-- PROBLEM TO SOLVE --
Pictures are to be excluded. Please print only the lines from the one containing "按照苹果的说明,我所在地区的中国移动 5g 速度属于比较顶级的网络状况" through the end of the data, exactly as they appear.

-- RECORDED DATA --
#####
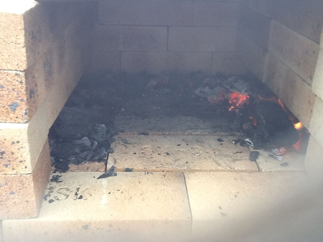ある程度燃えたら、隅の方に炭を移動させます。
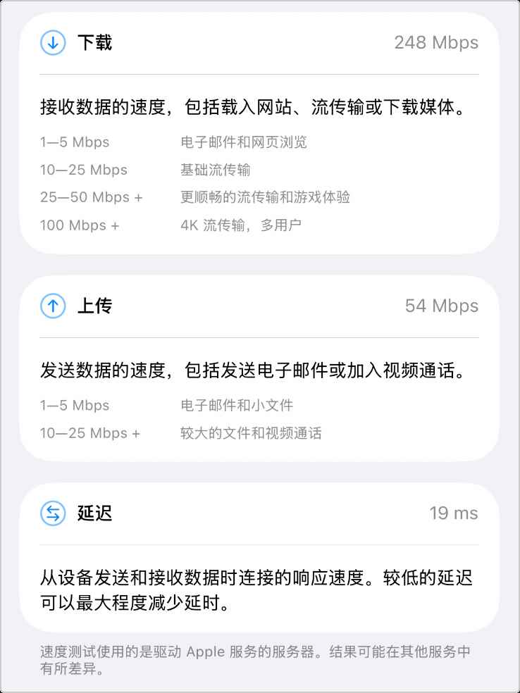 按照苹果的说明,我所在地区的中国移动 5g 速度属于比较顶级的网络状况
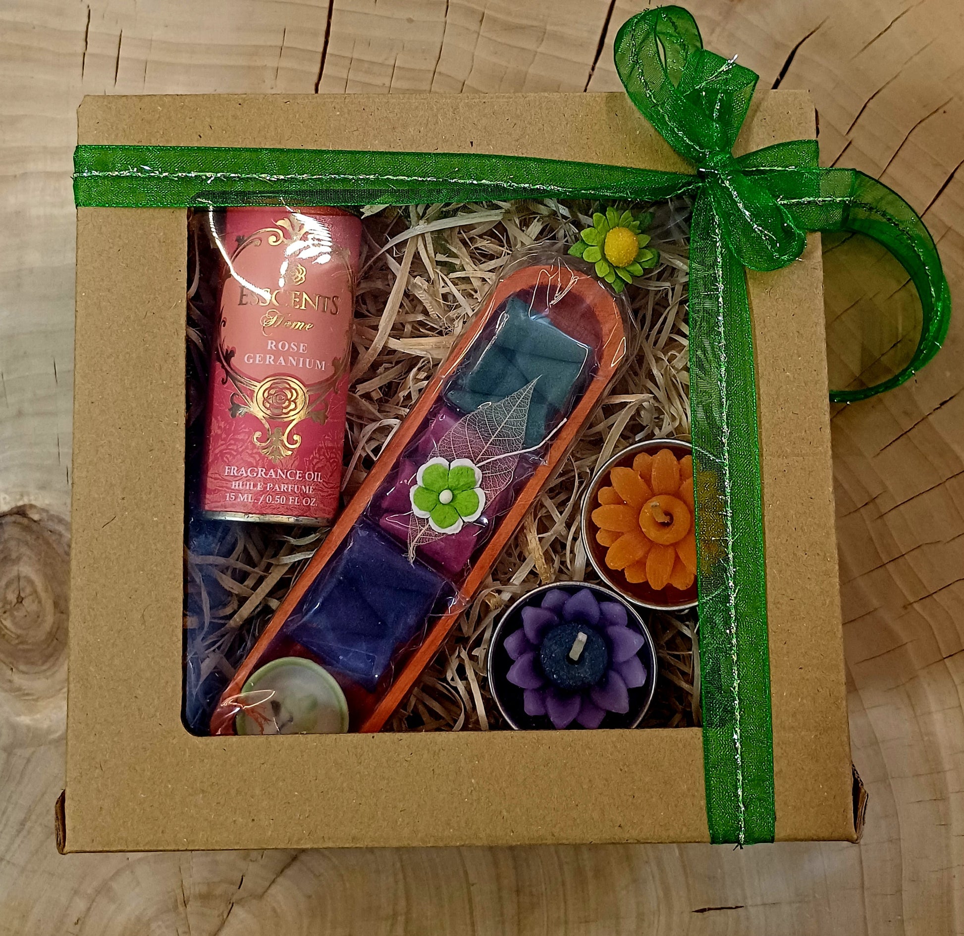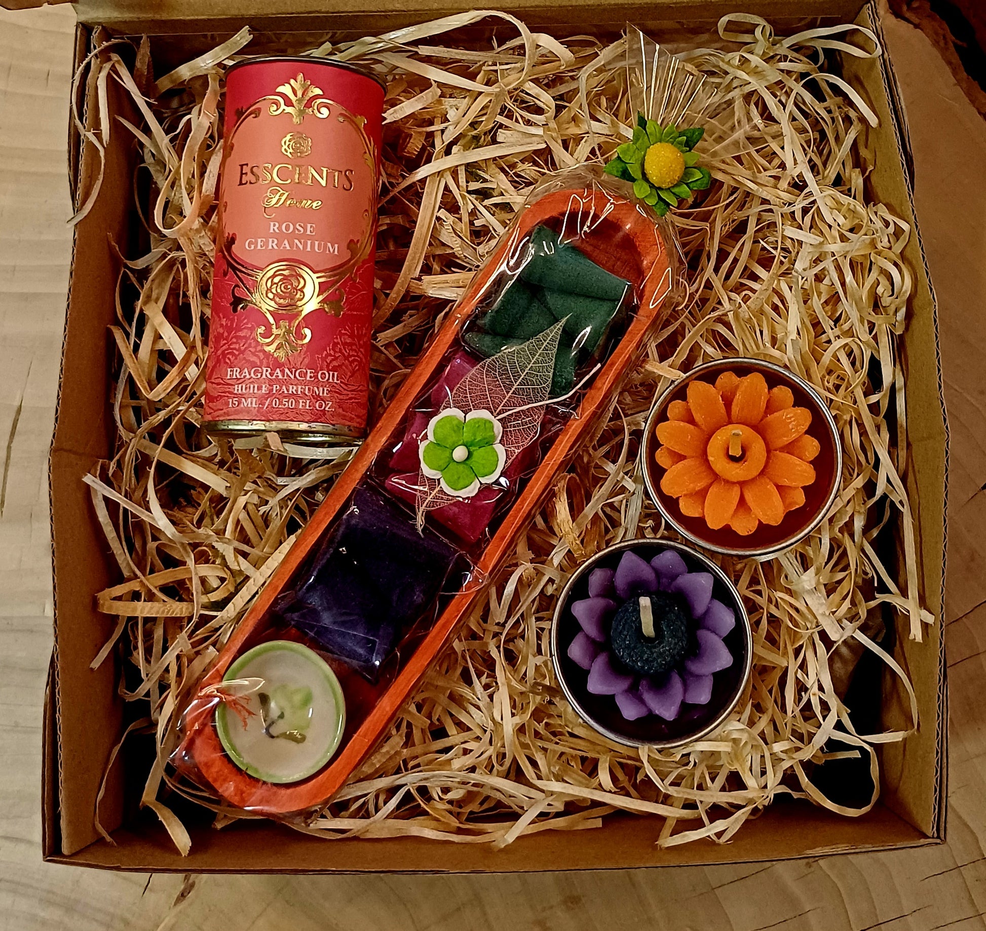 Malá darčeková krabička pre veľkú radosť. Krabička obsahuje darčekové balenie 12 kusov vonných kuželí s vôňou levandule a keramickú mištičku na vonné kužele v drevenej vaničke, 1 x vonný olej 15 ml s vôňou ruže zabalený v darčekovej plechovke a 2 x čajovú sviečku. Ideálny darček pre chvílky pokoja a relaxu.
#####
-- SOLUTION --
 按照苹果的说明,我所在地区的中国移动 5g 速度属于比较顶级的网络状况
 Malá darčeková krabička pre veľkú radosť. Krabička obsahuje darčekové balenie 12 kusov vonných kuželí s vôňou levandule a keramickú mištičku na vonné kužele v drevenej vaničke, 1 x vonný olej 15 ml s vôňou ruže zabalený v darčekovej plechovke a 2 x čajovú sviečku. Ideálny darček pre chvílky pokoja a relaxu.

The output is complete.